MATERIAL TO PROCESS:

Segment Open

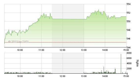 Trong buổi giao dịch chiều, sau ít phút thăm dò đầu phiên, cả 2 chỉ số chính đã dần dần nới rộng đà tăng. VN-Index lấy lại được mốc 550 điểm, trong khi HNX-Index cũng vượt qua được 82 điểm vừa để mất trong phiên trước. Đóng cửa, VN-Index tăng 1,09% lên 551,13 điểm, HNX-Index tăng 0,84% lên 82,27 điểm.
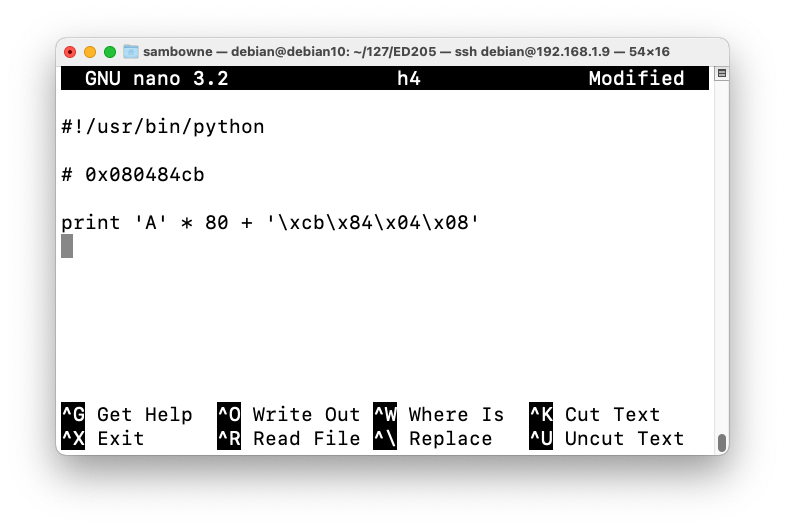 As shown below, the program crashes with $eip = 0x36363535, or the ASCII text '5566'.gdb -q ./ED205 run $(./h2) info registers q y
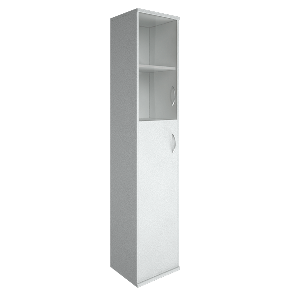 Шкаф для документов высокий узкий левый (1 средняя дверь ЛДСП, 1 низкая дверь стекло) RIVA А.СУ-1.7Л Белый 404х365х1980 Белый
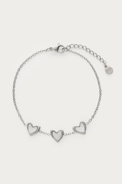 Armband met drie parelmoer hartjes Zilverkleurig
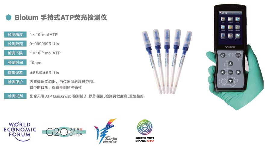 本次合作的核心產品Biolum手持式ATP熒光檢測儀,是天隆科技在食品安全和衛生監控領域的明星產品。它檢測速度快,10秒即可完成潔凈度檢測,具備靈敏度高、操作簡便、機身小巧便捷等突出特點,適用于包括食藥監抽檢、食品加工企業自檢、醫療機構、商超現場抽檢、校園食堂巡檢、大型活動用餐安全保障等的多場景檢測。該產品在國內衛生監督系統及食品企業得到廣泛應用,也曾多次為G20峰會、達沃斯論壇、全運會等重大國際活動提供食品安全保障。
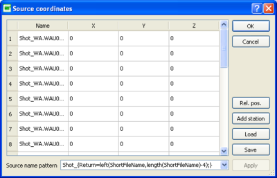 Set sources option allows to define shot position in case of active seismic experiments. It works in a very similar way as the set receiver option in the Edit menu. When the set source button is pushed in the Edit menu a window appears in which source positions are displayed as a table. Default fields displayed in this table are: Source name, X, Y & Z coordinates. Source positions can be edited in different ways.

Segment Closed
Segment Open

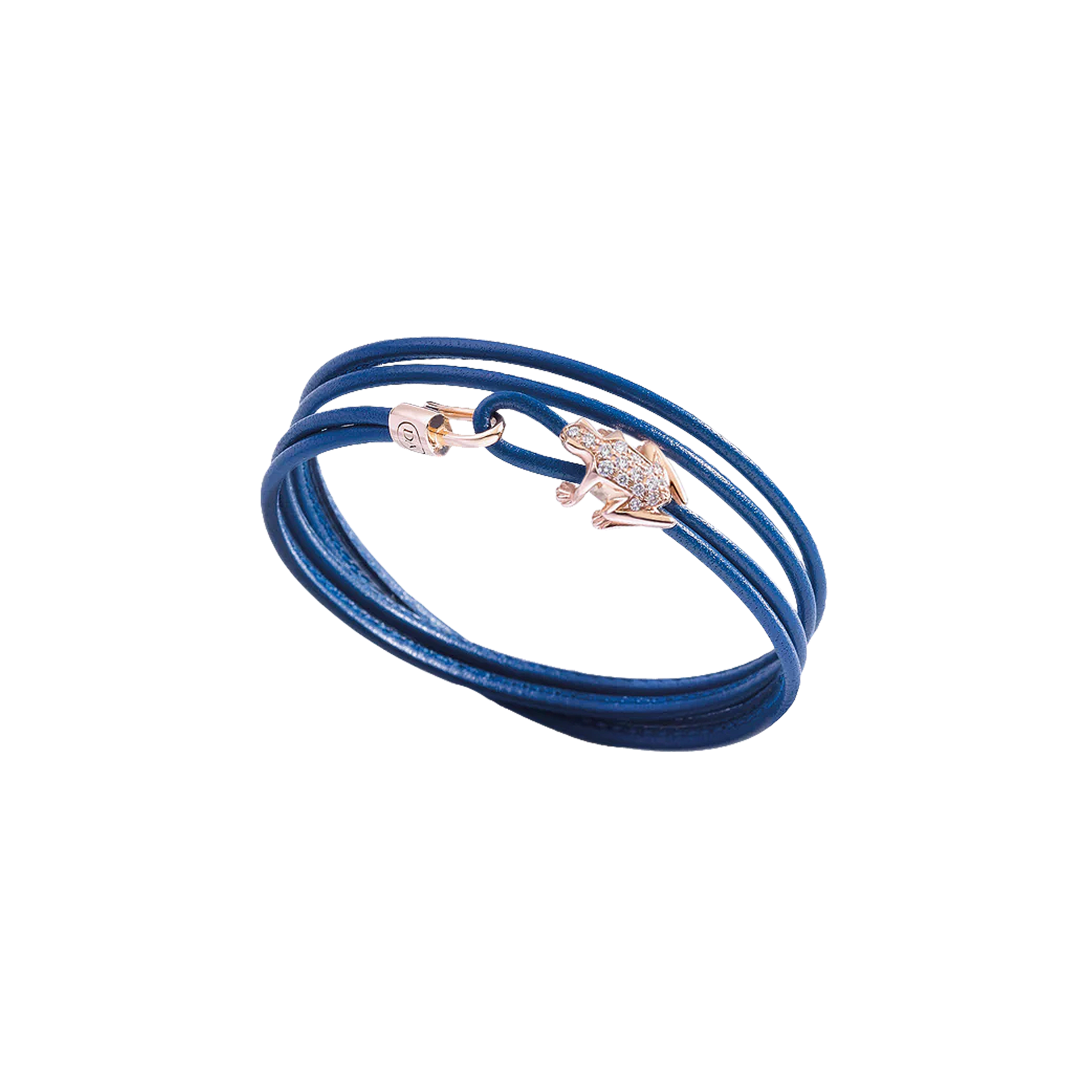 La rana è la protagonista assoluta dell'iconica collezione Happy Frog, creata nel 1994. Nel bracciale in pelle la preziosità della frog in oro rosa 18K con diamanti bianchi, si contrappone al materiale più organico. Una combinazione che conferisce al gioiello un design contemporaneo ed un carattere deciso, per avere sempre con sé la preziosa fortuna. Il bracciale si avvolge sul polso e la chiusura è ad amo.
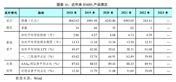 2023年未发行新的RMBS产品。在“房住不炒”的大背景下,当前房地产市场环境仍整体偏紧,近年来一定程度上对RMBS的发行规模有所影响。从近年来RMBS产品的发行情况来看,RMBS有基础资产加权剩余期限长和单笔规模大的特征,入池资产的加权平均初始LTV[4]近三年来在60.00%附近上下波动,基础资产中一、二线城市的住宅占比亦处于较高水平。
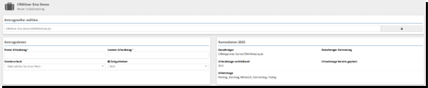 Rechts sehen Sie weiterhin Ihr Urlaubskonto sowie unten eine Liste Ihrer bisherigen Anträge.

Segment Closed
Segment Open

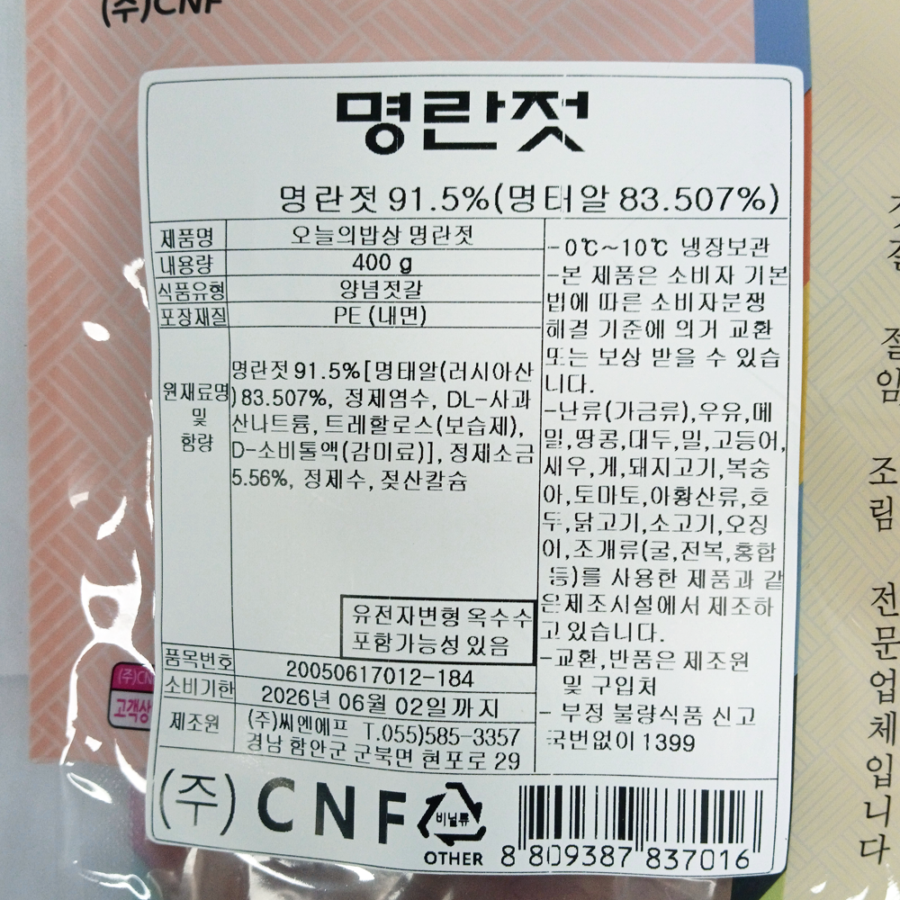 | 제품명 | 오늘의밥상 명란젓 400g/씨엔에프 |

Segment Closed

PROMPT: What is needed is an exact copy of the lines above from the one with "2023年未发行新的RMBS" to the one with "Rechts sehen Sie", both ends kept, and nothing more; please leave the pictures out.

RESULT FOR THIS EXERCISE:
 2023年未发行新的RMBS产品。在“房住不炒”的大背景下,当前房地产市场环境仍整体偏紧,近年来一定程度上对RMBS的发行规模有所影响。从近年来RMBS产品的发行情况来看,RMBS有基础资产加权剩余期限长和单笔规模大的特征,入池资产的加权平均初始LTV[4]近三年来在60.00%附近上下波动,基础资产中一、二线城市的住宅占比亦处于较高水平。
 Rechts sehen Sie weiterhin Ihr Urlaubskonto sowie unten eine Liste Ihrer bisherigen Anträge.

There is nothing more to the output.